Clearly defining the events of interest and using proper terminology and notation is important for communicating mathematics and arriving at a clear answer. At no point do you define what you mean by "A" and "B." You don't define what your variables represent. You don't state your assumptions and the model. This sort of "computation without explanation" is perplexingly common among students and is, in my opinion, a symptom of an answer-focused approach to doing math, as opposed to process-focused.
Here is how the reasoning might proceed. Let $A$ be the event that the fair coin is selected, and $B$ be the complementary event that the biased coin is selected. Let $n = 10$ be the number of flips of whichever coin is selected. If event $A$ occurs, then $p = 0.5$ is the probability that the coin lands heads. If event $B$ occurs, then $p = 0.6$ is the probability that the coin lands heads. Let $X$ be a random variable that counts the number of heads obtained in $n = 10$ flips. Then we model the number of heads observed with a binomial distribution conditional on which coin was selected, i.e. $$\begin{align}X \mid A &\sim \operatorname{Binomial}(n = 10, p = 0.5) \\ X \mid B &\sim \operatorname{Binomial}(n = 10, p = 0.6). \end{align}\tag{1}$$
With this notation established, we are asked for $$\Pr[B \mid X = 6],$$ the posterior conditional probability that, given we observed $X = 6$ heads, that event $B$ occurred--i.e., we selected the biased coin. Now we are ready to proceed with the computation, via Bayes' rule:
$$\Pr[B \mid X = 6] = \frac{\Pr[X = 6 \mid B]\Pr[B]}{\Pr[X = 6]}. \tag{2}$$ The denominator, which is the unconditional or marginal probability of obtaining $6$ heads, is calculated from the law of total probability, in which we condition on which coin was selected:
$$\Pr[X = 6] = \Pr[X = 6 \mid A]\Pr[A] + \Pr[X = 6 \mid B]\Pr[B]. \tag{3}$$ Note that $A$ and $B$ are complementary events that encompass the entire set of outcomes for the coin selection process.

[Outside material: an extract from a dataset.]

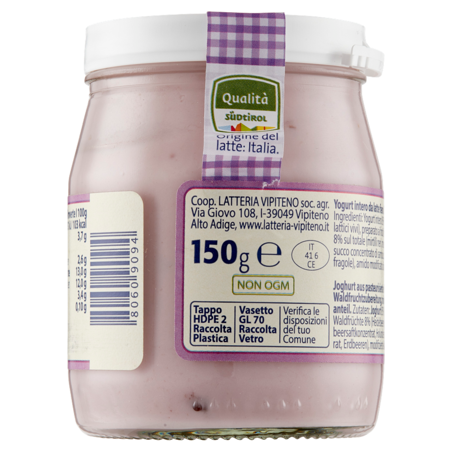 Sterzing Vipiteno Alpenjoghurt Frutti di bosco da Latte Fieno 150 g

From $(1)$, we can readily calculate the conditional probabilities
$$\begin{align}\Pr[X = 6 \mid A] &= \binom{10}{6} (1/2)^{6} (1 - 1/2)^{10 - 6} = \frac{105}{512} \approx 0.205078, \\ \Pr[X = 6 \mid B] &= \binom{10}{6} (6/10)^{6} (1 - 6/10)^{10 - 6} = \frac{489888}{1953125} \approx 0.250823. \end{align}\tag{4}$$
As for $\Pr[A]$ and $\Pr[B]$, the question strongly implies but does not explicitly state that the coin selection is equiprobable--we are told the coin is chosen "at random" which suggests that $$\Pr[A] = \Pr[B] = \frac{1}{2}, \tag{5}$$ which means that either coin is equally likely to be chosen than the other. In such a case, the posterior probability simplifies to $$\Pr[B \mid X = 6] = \frac{\Pr[X = 6 \mid B]}{\Pr[X = 6 \mid A] + \Pr[X = 6 \mid B]} \approx \frac{0.250823}{0.205078 + 0.250823} \approx 0.550169.$$
The exact value is $$\Pr[B \mid X = 6] = \frac{\frac{3^6 \cdot 2^4}{5^{10}}}{\frac{1}{2^{10}} + \frac{3^6 \cdot 2^4}{5^{10}}} = \frac{3^6 \cdot 2^{14}}{5^{10} + 3^6 \cdot 2^{14}} = \frac{11943936}{21709561}.$$
Regarding your "Method A," it I have no idea what you are trying to say, because you did not define the events of interest. If I interpret $A$ and $B$ as I have done in my solution (i.e. they are events that correspond to the choice of coin), then the statement $\Pr[B \mid A]$ means "the probability that coin $B$ was selected, given that coin $A$ was selected." Obviously, that is $0$, and the formula says as much.